> _Data block_

========================================

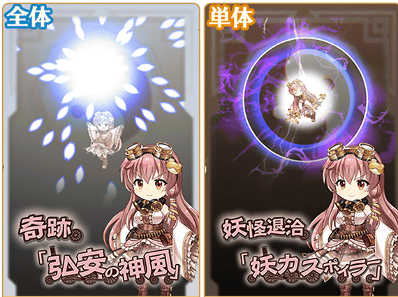 | 弘安の暴風 ×3 | 金属性/陽気/全体 光弾 命中率80% CRI率10% 爆破弾 妖獣&宗教家&妖精&精霊&虫&花特攻 威力:7.85 | |
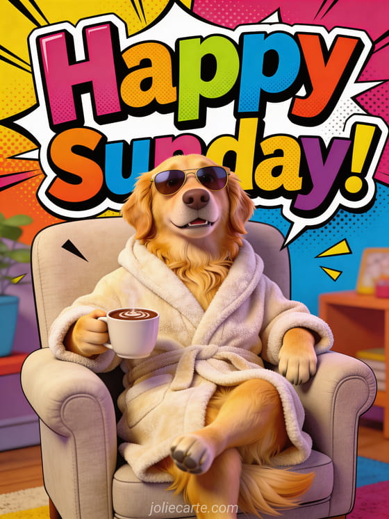 Make someone smile with this funny happy Sunday greeting featuring a golden retriever in a fluffy bathrobe and sunglasses. Discover also a free animated happy sunday virtual card, happy sunday kisses humor or have a happy sunday.
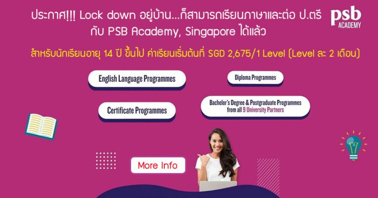 สำหรับน้องๆที่อยากเรียนต่อปริญญาตรีสาขาธุรกิจ สาขาวิศวกรรมศาสตร์ เป็นต้น สามารถเริ่มเรียนภาษาอังกฤษ ต่อด้วยคอร์ส Foundation และ คอร์ส Diploma กับ PSB Academy, Singapore ONLINE ในราคาแสนประหยัด เพียงจบ ม.4 ก้อเริ่มเรียนได้แล้ว ถ้าน้องๆ คนไหนสนใจอยากไปเรียนที่ประเทศสิงคโปร์ แต่ไม่สามารถเดินทางไปเรียนที่ประเทศสิงคโปร์ได้ในช่วงเวลานี้ สามารถสมัครเรียน online ได้นะคะ โปรแกรมนี้ช่วยให้น้องๆ สามารถวางแผนการเรียนต่อได้อย่างมีประสิทธิภาพ และเป็นเส้นทางการเรียนต่อปริญญาตรีให้จบได้ภายในเวลาประมาณ 2-3 ปีด้วยค่ะ . . .

========================================

Quote, please, every line of the material above from its start through the line that has "Make someone smile", reproducing the words exactly and dropping any images.

> _Answer space_
 | 弘安の暴風 ×3 | 金属性/陽気/全体 光弾 命中率80% CRI率10% 爆破弾 妖獣&宗教家&妖精&精霊&虫&花特攻 威力:7.85 | |
 Make someone smile with this funny happy Sunday greeting featuring a golden retriever in a fluffy bathrobe and sunglasses. Discover also a free animated happy sunday virtual card, happy sunday kisses humor or have a happy sunday.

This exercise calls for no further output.